In some embodiments, the heavy chain of the antibody or the antigen binding fragment thereof

- (i) comprises or consists of an amino acid sequence having at least 85%, 90%, 91%, 92%, 93%, 94%, 95%, 96%, 97%, 98%, or 99% identity to an amino acid sequence selected from SEQ ID NO: 71;
- (ii) comprises or consists of an amino acid sequence selected from SEQ ID NO: 71; or
- (iii) comprises or consists of an amino acid sequence having one or more (preferably no more than 20 or 10, and more preferably no more than 5, 4, 3, 2, or 1) amino acid changes (preferably amino acid replacements, and more preferably conservative amino acid replacements) compared to an amino acid sequence selected from SEQ ID NO: 71.

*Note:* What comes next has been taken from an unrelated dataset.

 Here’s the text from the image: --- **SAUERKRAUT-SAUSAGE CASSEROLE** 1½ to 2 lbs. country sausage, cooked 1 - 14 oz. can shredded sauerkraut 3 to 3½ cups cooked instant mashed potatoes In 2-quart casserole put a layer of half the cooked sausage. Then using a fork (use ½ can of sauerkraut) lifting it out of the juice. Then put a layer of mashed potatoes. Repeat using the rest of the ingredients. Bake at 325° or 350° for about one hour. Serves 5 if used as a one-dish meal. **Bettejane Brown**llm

In some embodiments, the heavy chain of the antibody or the antigen binding fragment thereof comprising a knob mutation

- (i) comprises or consists of an amino acid sequence having at least 85%, 90%, 91%, 92%, 93%, 94%, 95%, 96%, 97%, 98%, or 99% identity to an amino acid sequence selected from SEQ ID NO: 73;
- (ii) comprises or consists of an amino acid sequence selected from SEQ ID NO: 73; or
- (iii) comprises or consists of an amino acid sequence having one or more (preferably no more than 20 or 10, and more preferably no more than 5, 4, 3, 2, or 1) amino acid changes (preferably amino acid replacements, and more preferably conservative amino acid replacements) compared to an amino acid sequence selected from SEQ ID NO: 73.

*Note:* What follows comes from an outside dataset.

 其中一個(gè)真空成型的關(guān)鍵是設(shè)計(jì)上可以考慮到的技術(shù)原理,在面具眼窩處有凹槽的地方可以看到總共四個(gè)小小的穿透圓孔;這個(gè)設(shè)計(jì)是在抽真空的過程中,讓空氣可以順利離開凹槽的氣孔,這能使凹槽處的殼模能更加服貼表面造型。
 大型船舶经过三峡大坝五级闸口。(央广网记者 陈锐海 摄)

In some embodiments, the heavy chain of the antibody or the antigen binding fragment thereof comprising a hole mutation

- (i) comprises or consists of an amino acid sequence having at least 85%, 90%, 91%, 92%, 93%, 94%, 95%, 96%, 97%, 98%, or 99% identity to an amino acid sequence selected from SEQ ID NO: 33;
- (ii) comprises or consists of an amino acid sequence selected from SEQ ID NO: 33; or
- (iii) comprises or consists of an amino acid sequence having one or more (preferably no more than 20 or 10, and more preferably no more than 5, 4, 3, 2, or 1) amino acid changes (preferably amino acid replacements, and more preferably conservative amino acid replacements) compared to an amino acid sequence selected from SEQ ID NO: 33.

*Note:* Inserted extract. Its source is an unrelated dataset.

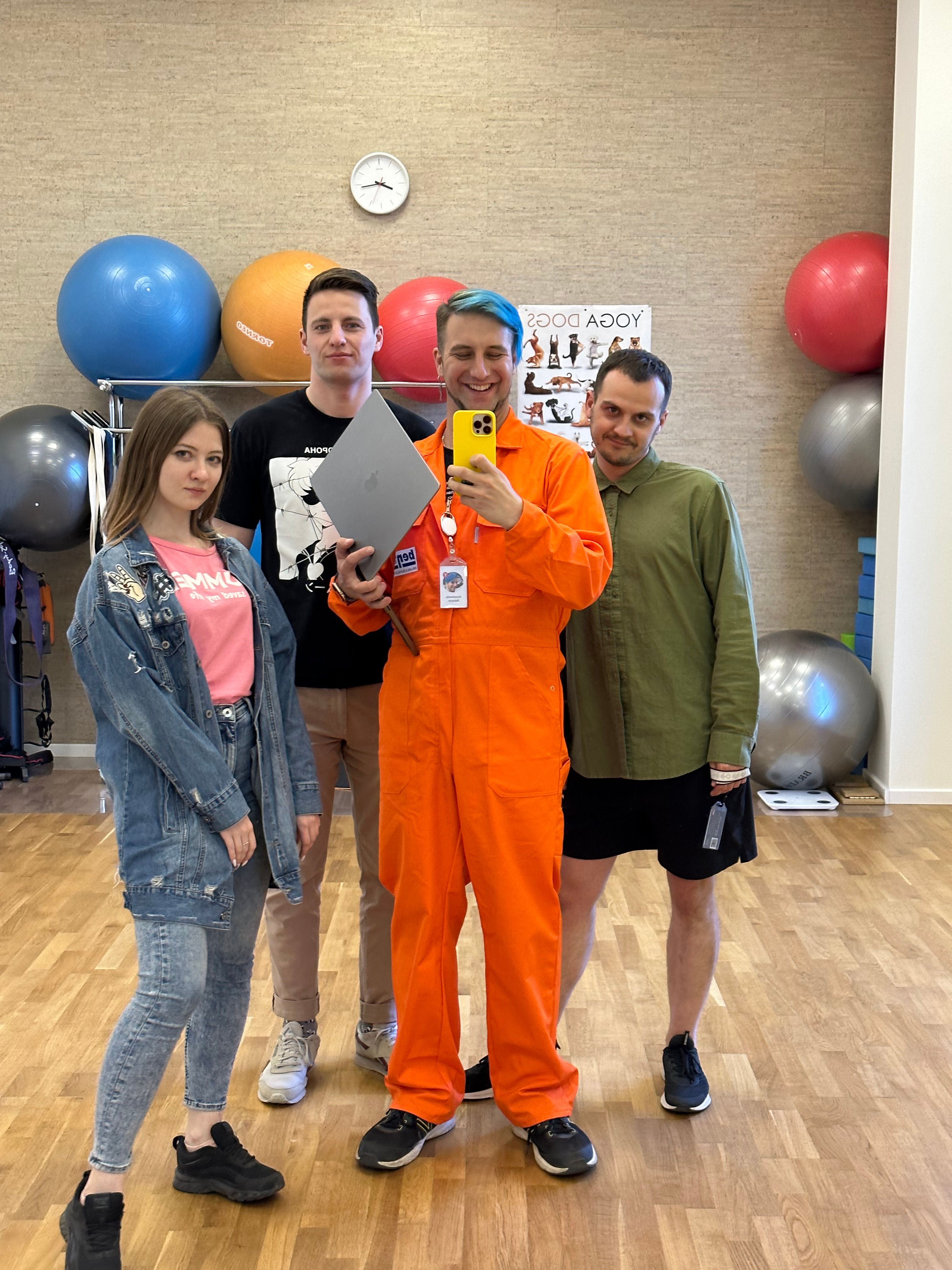 Экскурсии проходят в довольно свободном формате. Мы встречаемся на пятом этаже в конференц-зале «Смольный», там обычно проходит вводная лекция — например, про стажировки или про разные направления работы. После этого делимся на группы и идём по этажам. За 40–60 минут я показываю офис и рассказываю, как у нас всё устроено — от рабочих пространств и гиперкубов для тестирования до кофепойнтов, столовой, спортзала и игровых комнат.

In some embodiments, the light chain of the antibody or the antigen binding fragment thereof

- (i) comprises or consists of an amino acid sequence having at least 85%, 90%, 91%, 92%, 93%, 94%, 95%, 96%, 97%, 98%, or 99% identity to an amino acid sequence selected from SEQ ID NO: 34;
- (ii) comprises or consists of an amino acid sequence selected from SEQ ID NO: 34; or
- (iii) comprises or consists of an amino acid sequence having one or more (preferably no more than 20 or 10, and more preferably no more than 5, 4, 3, 2, or 1) amino acid changes (preferably amino acid replacements, and more preferably conservative amino acid replacements) compared to an amino acid sequence selected from SEQ ID NO: 34.